The Hangenberg event impacted both marine and freshwater communities. This mass extinction impacted ammonites and trilobites, as well as jawed vertebrates including our tetrapod ancestors [27][28]. The Hangenberg is linked to the extinction of 44% of high-level vertebrate clades, including all placoderms and most sarcopterygians, and the complete turnover of the vertebrate biota[29]. This lead to the establishment of the modern vertebrate fauna, consisting mostly of actinopterygians, chondrichthyans, and tetrapods, in the Carboniferous. Romers Gap, a 15 million year hiatus in the early Carboniferous tetrapod record, has been linked to this event [30]. It is also likely that some of the losses attributed to the Kellwasser event actually occurred during the Hangenberg extinction, due to the poor Famennian record for marine invertebrates[31][32].


Magnitude

The late Devonian crash in biodiversity was more drastic than the familiar extinction event that closed the Cretaceous: a recent survey (McGhee 1996) estimates that 22 percent of all the families of marine animals (largely invertebrates) were eliminated. The family is a large unit, and to lose such a large number signifies a profound loss of ecosystem diversity. On a smaller scale, 57% of genera and at least 75% of species[33] did not survive into the Carboniferous. These latter estimates need to be treated with a degree of caution, as the estimates of species loss depend on surveys of Devonian marine taxa that are perhaps not well enough known to assess their true rate of losses, so it is difficult to estimate the effects of differential preservation and sampling biases during the Devonian.

Causes of the extinctions

Since the Kellwasser-related "extinctions" occurred over such a long time period, it is difficult to assign a single cause, and indeed to separate cause from effect. The sedimentological record shows that the late Devonian was a time of environmental change, which directly affected organisms and caused extinction. What caused these changes is somewhat more open to debate.

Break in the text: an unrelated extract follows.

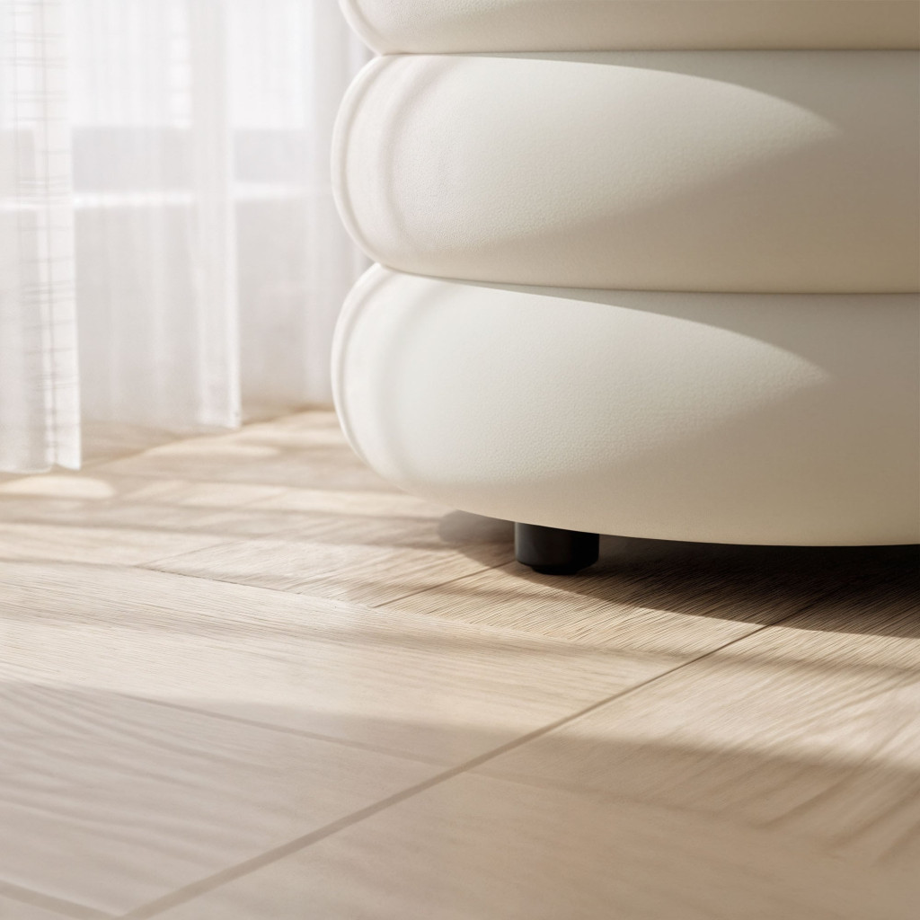 A PUFFO tárolós pufa elegáns welur kárpittal és praktikus belső tárolóval rendelkezik. Organikus formája és krémszínű kivitele tökéletesen illeszkedik modern és soft glam stílusú otthonokba.

Major environmental changes

From the end of the Middle Devonian, into the Late Devonian, several environmental changes can be detected from the sedimentary record. There is evidence of widespread anoxia in oceanic bottom waters;[17] the rate of carbon burial shot up,[17] and Template:Wict organisms were decimated, especially in the tropics, and especially reef communities.[17] There is good evidence for high-frequency sea level changes around the Frasnian/Famennian Kellwasser event, with one sea level rise associated with the onset of anoxic deposits.[34]. The Hangenberg event has been associated with sea-level rise followed swiftly by glaciation-related sea-level fall[35]; [36].

Possible triggers

Bolide impact

Bolide impacts can be dramatic triggers of mass extinctions. It has been posited that an asteroid impact was the prime cause of this faunal turnover,[37] but no secure evidence of a specific extraterrestrial impact has been identified in this case. Impact craters, such as the Kellwasser=aged Alamo and the Hangenberg-aged Woodleigh, can generally not be dated with sufficient precision to link them to the event; others dated precisely are not contemporaneous with the extinction [38] Although some minor features of meteoric impact have been observed in places (iridium anomalies and microspherules), these were probably caused by other factors.[39]

Plant evolution

During the Devonian, land plants underwent a hugely significant phase of evolution. Their maximum height went from 30 cm[citation needed] at the start of the Devonian, to 30 m[40] at the end of the period. This increase in height was made possible by the evolution of advanced vascular systems, which permitted the growth of complex branching and rooting systems.[17] In conjunction with this, the development of seeds permitted reproduction and dispersal in areas which were not waterlogged, allowing plants to colonise previously inhospitable inland and upland areas.[17] The two factors combined to greatly magnify the role of plants on the global scale. In particular, Archaeopteris forests expanded rapidly during the closing stages of the Devonian.

Effect on weathering

These tall trees required deep rooting systems to acquire water and nutrients, and provide anchorage. These systems broke up the upper layers of bedrock and stabilised a deep layer of soil, which would have been on the order of metres thick. In contrast, early Devonian plants bore only rhizoids and rhizomes that could penetrate no more than a couple of centimetres. The mobilisation of a large portion of soil had a huge effect; soil promotes weathering, the chemical breakdown of rocks, releasing ions which act as nutrients to plants and algae.[17] The relatively sudden input of nutrients into river water may have caused eutrophication and subsequent anoxia. For example, during an algal bloom, organic material formed at the surface can sink at such a rate that decomposing organisms use up all available oxygen by decaying them, creating anoxic conditions and suffocating bottom-dwelling fish. The fossil reefs of the Frasnian were dominated by stromatolites and (to a lesser degree) corals - organisms which only thrive in low nutrient conditions. Therefore the postulated influx of high levels of nutrients may have caused an extinction, just as phosphate run-off from Australian farmers is causing unmeasurable damage to the great barrier reef today.[17] Anoxic conditions correlate better with biotic crises than phases of cooling, suggesting that anoxia may have played the dominant role in extinction.[39]

Effect on CO2

The "greening" of the continents occurred during Devonian time. The covering of the planet's continents with massive photosynthesizing land plants in the first forests may have reduced carbon dioxide levels in the atmosphere. Since CO2 is a greenhouse gas, reduced levels might have helped produce a chillier climate. Evidence such as glacial deposits in northern Brazil (located near the Devonian south pole) suggest widespread glaciation at the end-Devonian, as a large continental mass covered the polar region. A cause of the extinctions may have been an episode of global cooling, following the mild climate of the Devonian period. The Hangenberg event has been also been linked to glaciation in the tropics equivalent to that of the Pleistocene ice age [41]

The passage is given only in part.